What is the Definition of Political Activity? The Bright Lines Project Offers Answers for Both Sides of the Aisle

Legislative Solutions Are a Real Possibility

As the recent scandal over the Internal Revenue Service’s (IRS) scrutiny of 501(c) applications demonstrates, the standards used by the IRS to determine whether a nonprofit organization qualifies for tax-exempt status are blurry and hard to decipher for both the IRS and applicants.

The underlying problem – which has been somewhat lost in the ensuing media storm and political battle on Capitol Hill – is that the language of the Internal Revenue Code makes organizations that engage in political activity ineligible for 501(c) status but leaves to the IRS the task of defining political activity.

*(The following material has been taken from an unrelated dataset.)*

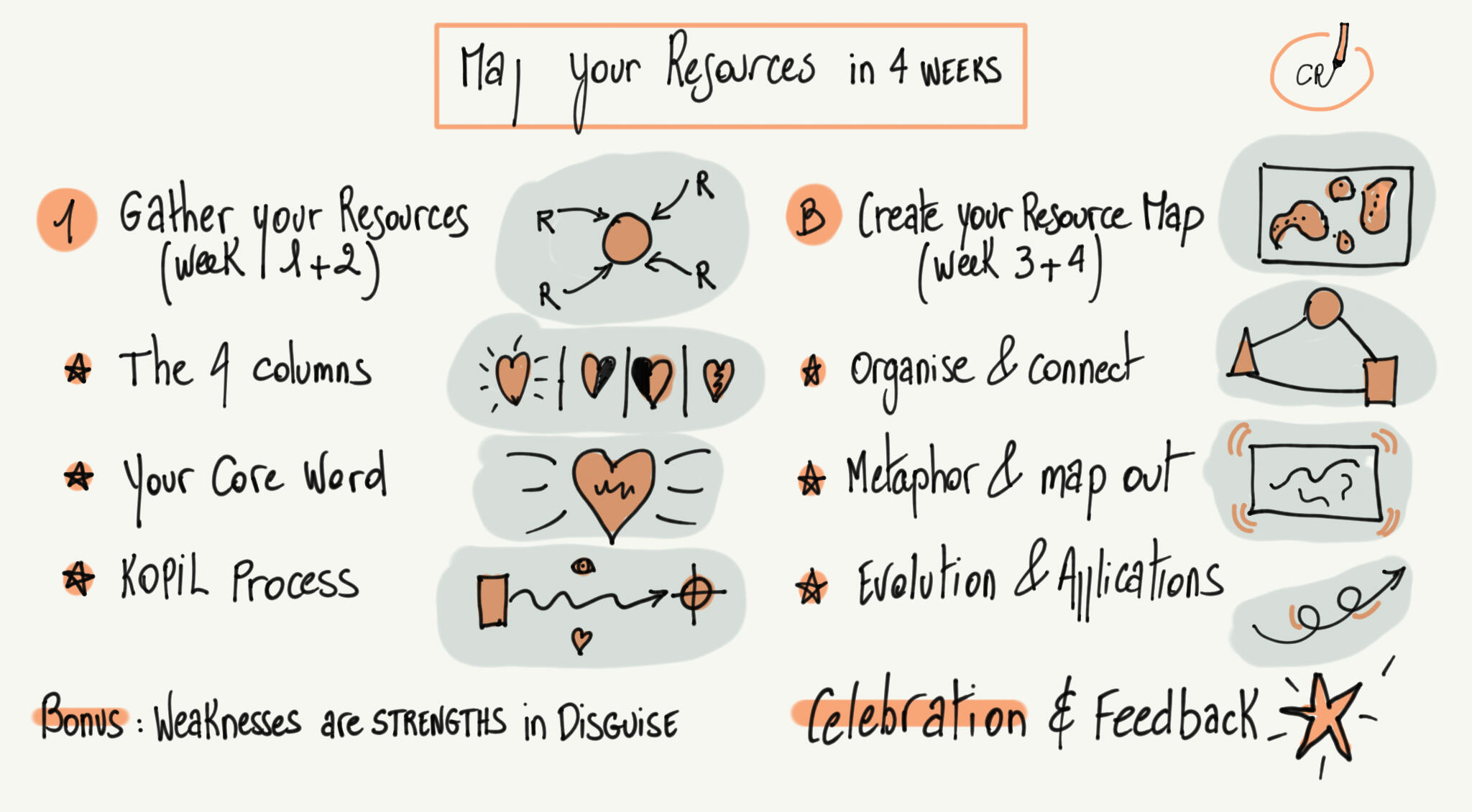 We are going to follow a process of 4 steps, each one building on the precedent session to help you get clear on your resources and strengths. At the end of the program, you will bring home your own Map of Resources, a great foundation if you want to then get clear on your projects (but that is another program). 😊

The IRS’s approach looks to “all the facts and circumstances” to determine whether an entity is engaged in political intervention ? an ambiguous standard that has caused confusion both inside the IRS and for applicants for tax-exemption.

We need bright line definitions of “political activity” for use in considering 501(c) applications. That’s why, over the past four years, a team of tax law experts and nonprofit leaders have been working to define what constitutes political activity for tax purposes. Led by prominent tax attorneys Greg Colvin and Beth Kingsley, the effort is aptly named the Bright Lines Project (BLP). The BLP aims to remedy both the internal and external problems created by the ambiguous standard, by proposing definitions, exceptions and analytical steps for recognizing and regulating political intervention within the tax-exempt sector. Public Citizen took the helm of the BLP nine months ago and is leading the legislative and advocacy efforts on Capitol Hill.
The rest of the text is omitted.